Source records

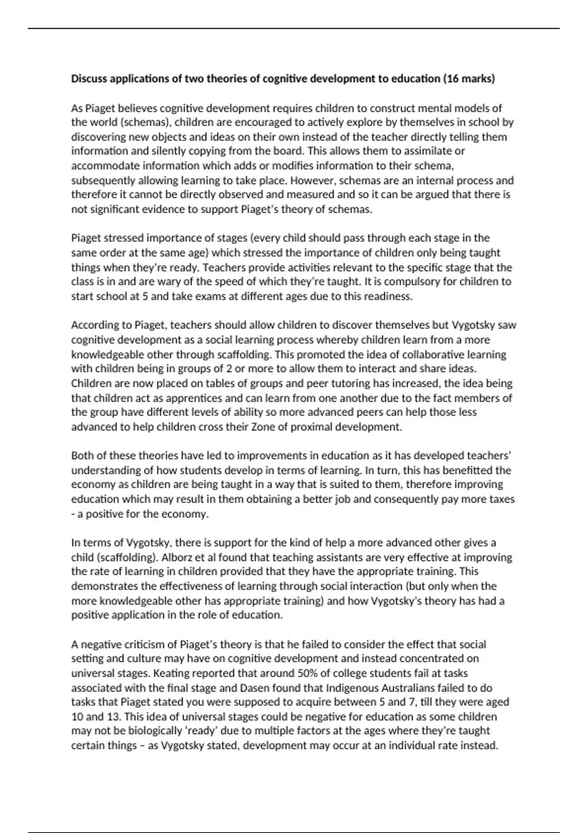 Discuss applications of two theories of cognitive development to education (16 marks)
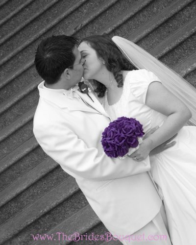 - Title : Purple Silk Rose Hand Tie (36 Roses) - Silk Bridal Wedding Bouquet
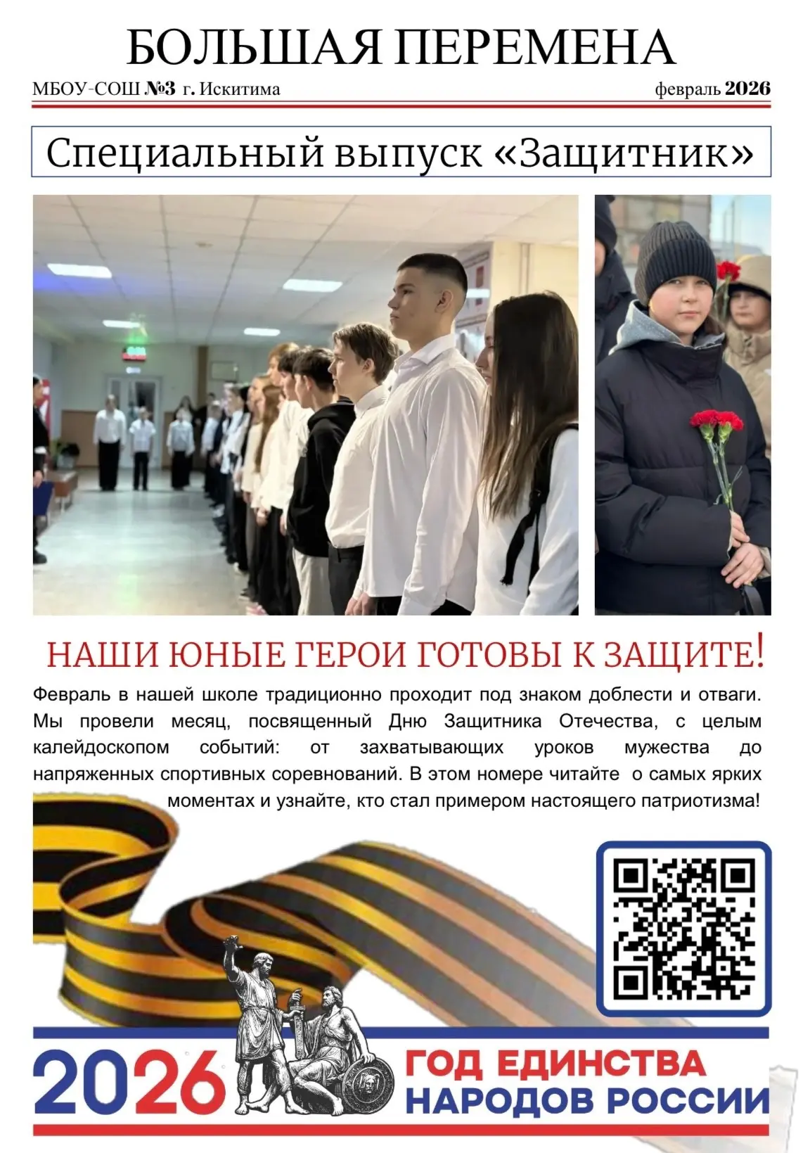 Ура! Вышел новый выпуск нашей школьной газеты «Большая перемена»! 🎉 Этот номер особенный — спецвыпуск «Защитник», посвященный мужеству, силе духа и нашим героям. 🛡️🎖️
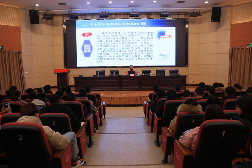 2020年11月22日19:00,金年会jinnianhuicom副教授覃雪芹在莲湖校区学术报告A厅作了关于《中小学体育教师的职业素养养成》的学术讲座。金年会jinnianhuicom党总支书记王兆忠、院长佘涛、党总支副书记彭波、教学科研办主任李进文、科研秘书黄亮及金年会jinnianhuicom师生三百余人参加了此次讲座。讲座由副院长孙亮亮主持。
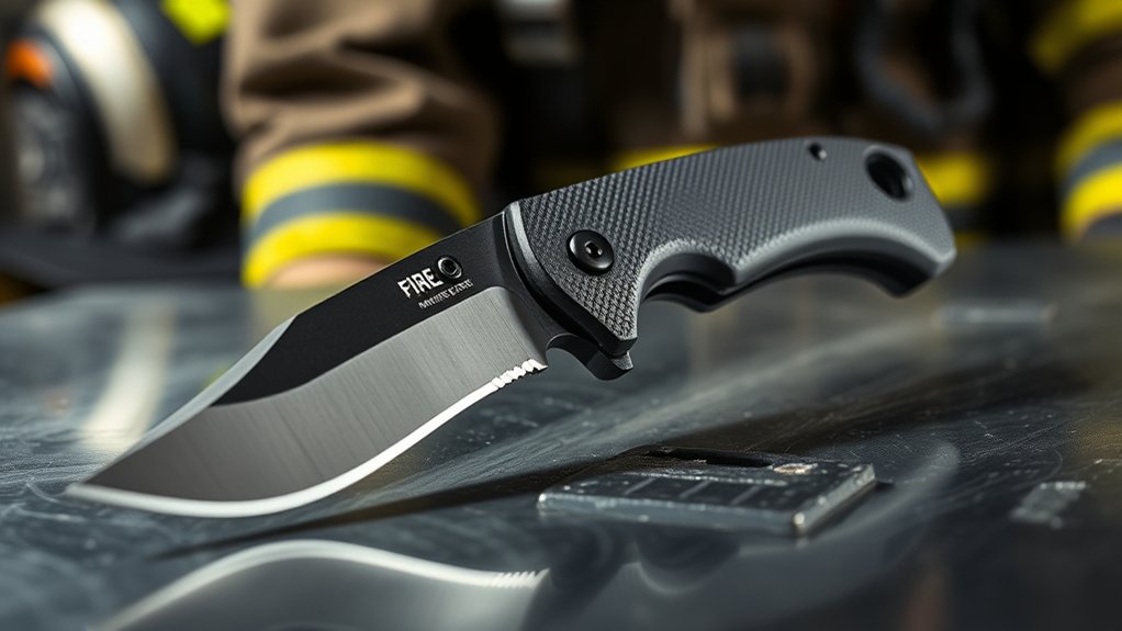 You need rescue knives with safety features like a secure locking mechanism to prevent accidental closure during use. A textured, non-slip handle guarantees a firm grip, even with gloves on. Look for blades with a quick-release system for easy deployment, and a built-in seatbelt cutter or glass breaker for emergency situations.
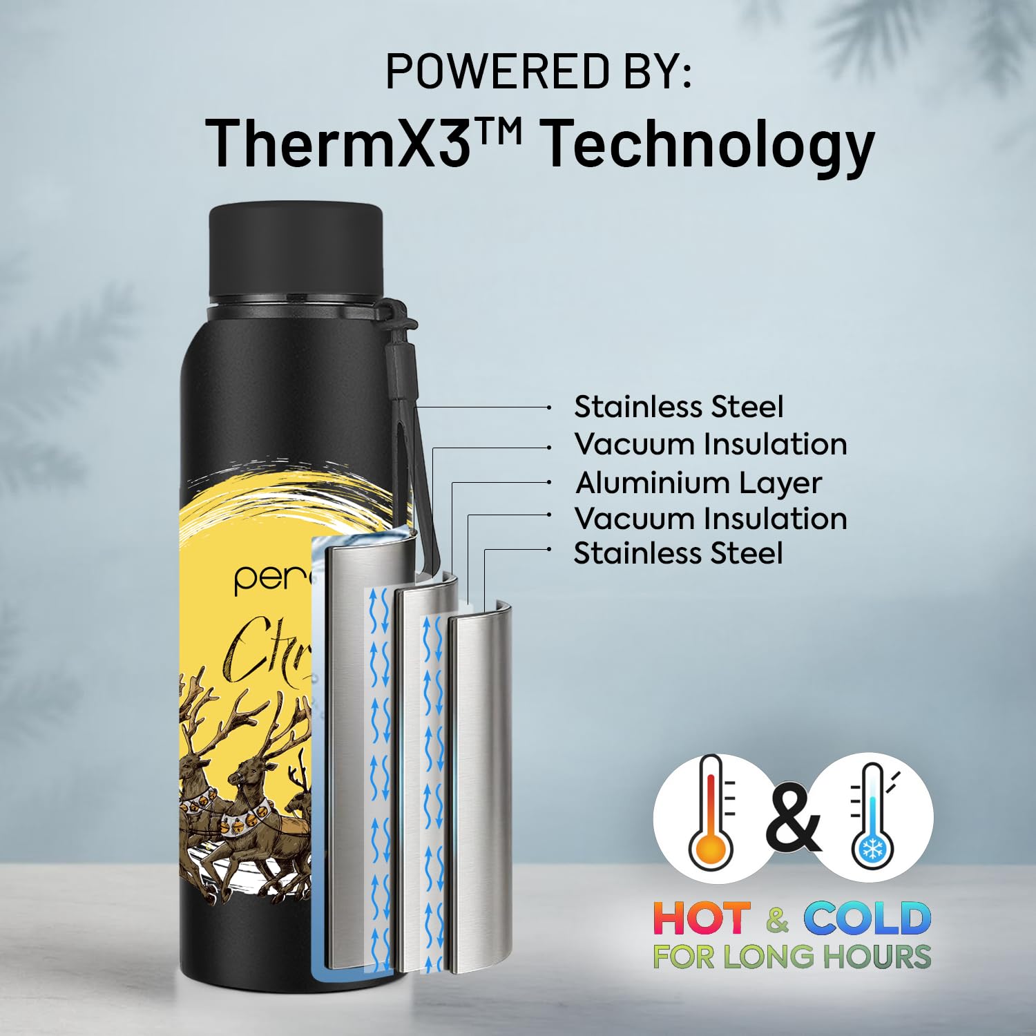 ADVANCED THERMX3 TRIPLE-LAYER INSULATION: Experience superior temperature control. Our smart vacuum-insulated technology features three distinct layers ThermX3 that create a powerful barrier, stopping heat transfer. This advanced design locks in temperature, keeping festive hot cocoa steaming or cold water refreshing for hours
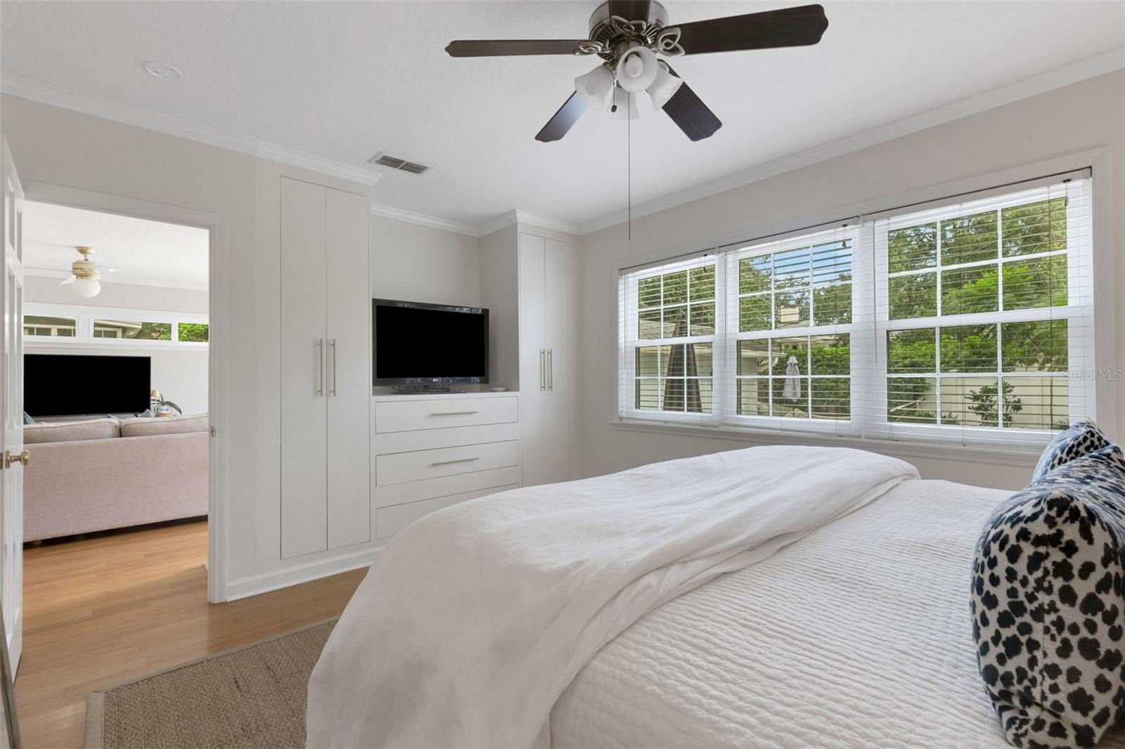 The private primary suite is a true retreat, boasting new custom built-ins, a fully updated ensuite bath with granite counters, walk-in shower, and an organized walk-in closet. The hall bath also impresses with a brand-new vanity and plenty of storage.

Task directions
All lines from the start of the entries through the one with "- Title : Purple" are to be output exactly; omit the pictures.

Response to the task
 Discuss applications of two theories of cognitive development to education (16 marks)
 - Title : Purple Silk Rose Hand Tie (36 Roses) - Silk Bridal Wedding Bouquet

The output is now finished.